The Power Pieces fit inside the Stealth Modules, and snap out
easily. When placed on the board, the color of the Power Piece is
only visible from the back of the unit. Since facing doesn't
otherwise matter in this game, the backs of the units are always
kept toward the owning player. Your opponent's pieces all look
identical to you - and yours to him, a bit like the old
Stratego game, except there are far fewer pieces.
You don't even know the exact composition of his fleet, since his
sixth Stealth Module contains an unknown color.

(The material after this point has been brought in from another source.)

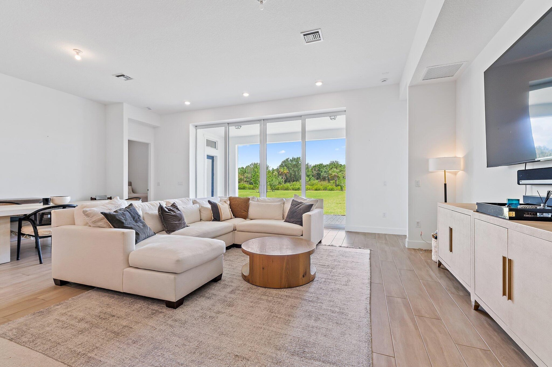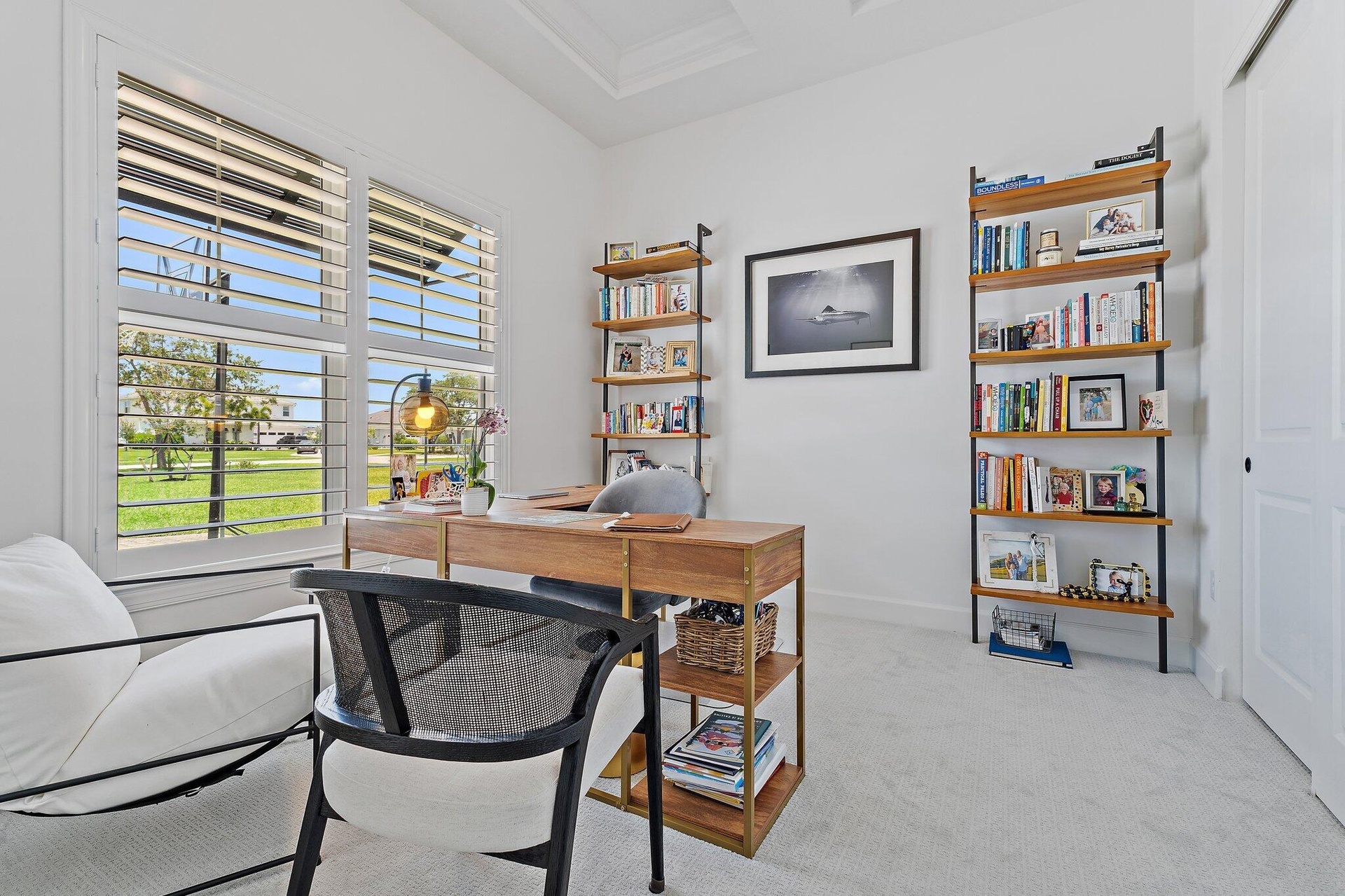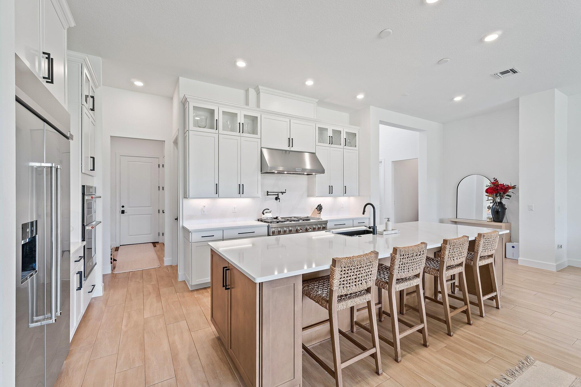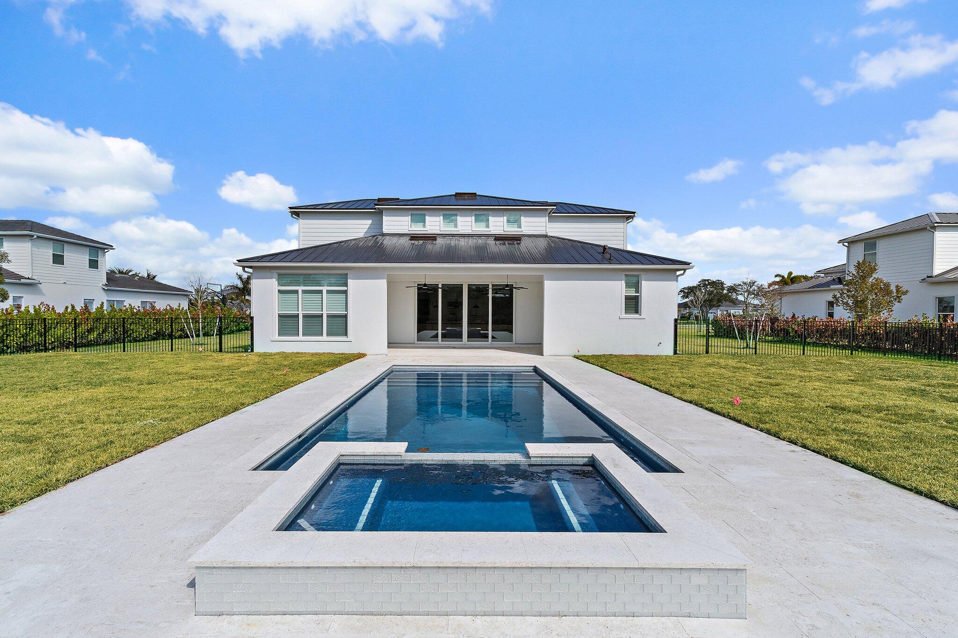 Experience elevated living in one of Jupiter's most exclusive gated communities: Bridgewater by DiVosta. This 2023-built, nearly-new estate offers 5 bedrooms, den/office, 4.5 bathrooms, loft/flex room, 3-car garage, and a brand new pool. 3,796 sq ft of thoughtfully crafted space, all set on nearly one acre of prime land. Inside, you'll find soaring volume ceilings, impact glass throughout, and an open-concept floor plan that effortlessly blends luxury with livability. The chef's kitchen is outfitted with high-end appliances, sleek cabinetry, and a walk-in pantry, anchoring a main living area designed for both entertaining and everyday ease. A private office, oversized laundry room, and custom finishes add next-level functionality. The ground-floor primary suite delivers ser energy with dual vanities, a spa-like soaking tub, and a walk-in shower. Upstairs, you'll find a spacious flex room that can function as a second living area, game room, media space, or homework hub; plus generously sized secondary bedrooms that offer comfort and privacy for guests or family.

Each of the five different colors of Power Pieces has a different
property, all of which are clearly stated on each side of the board
for convenience. Red Power Pieces are the Lasers - they may fire
up to seven spaces away on the hex-grid map. Yellows are Ringers
- they may fire only one space away, but shoot into all adjacent
spaces. When a red or yellow Power Piece is fired, the Stealth
Module cover is removed, and the Power Piece must make its way back
to headquarters to "recharge" - have the Stealth Module snapped
back in place so it can fire again.
The blue Power Pieces are Blasters - they destroy all pieces in a
two-hex range. Green Power Pieces are Starbursts - they have a
three-hex range in all six directions at once, but only in straight
lines. Both blue and green Power Pieces are destroyed themselves
when they detonate - no recharging for them. The ability to take
out multiple pieces, however, is their forte. When a blue or green
Power Piece is destroyed by an enemy shot, by the way, they also
explode. If you're not careful in your placement of your ships,
your enemy's Laser can set off a chain reaction that can wipe out
your fleet in one shot!
The white Power Pieces are Decoys - they can't hurt anything. They
can win the game, though, if you can get one into the enemy HQ.
There is no reason to take the second white Power Piece as your
sixth unit, except as a handicap if you are an experienced player
teaching the game to someone new.
The board has some interesting features: amber hexes and green
hexes are identical in function except you may only start your
Blocker on amber hexes on your half of the board. The
blocker is a seven-hex piece of vinyl that becomes unplayable space.
There are a few black spaces near the borderline between the two
sides which are also unplayable. Then there are the Portals: four
sets of spaces numbered 1 to 6. If you move onto one Portal space,
you may move on your next turn to any other Portal with the same
number. Portals can be destroyed, just as ships can. Destroyed
ships stay on the board as obstacles, by the way.
The object of the game is to destroy all enemy ships, or enter
their HQ, or block off their HQ with destroyed ships, or even make
it so a ship cannot move its full two spaces. There are point
rules provided (so many points for surviving ships, blocking an
HQ, etc.) and you are supposed to play what I estimate is three
games-worth of points. Or you could just play best of three and
skip the points ... or simply just play a single round if that's
more to your taste.
Why Wouldn't You Like This Game?
Some people don't like hidden value games. If this is you, don't
try this one.
Some people prefer their science fiction games to have a better
adapted theme. This is pretty thinly pasted on - it really is just
an abstract game and can be a bit dry - and you may not like abstract
The portals can bother some people - they prefer a more straightforward
deployment without having to worry about invasions from the rear.
Well, you could just play without the portals.
The game plays well, due to the hidden nature of the enemy's pieces.
All pieces move two spaces, so there is no clue as to what is coming
toward you until either you shoot it, or it shoots you. Will it
zap you from seven spaces away, or dash into the midst of your
fleet, taking out three ships at once as it detonates itself? Or
is it a decoy, sent to lure you away from guarding this portal
entry? Only your opponent knows for certain ...
Recommended if you like hidden value games of tactical movement.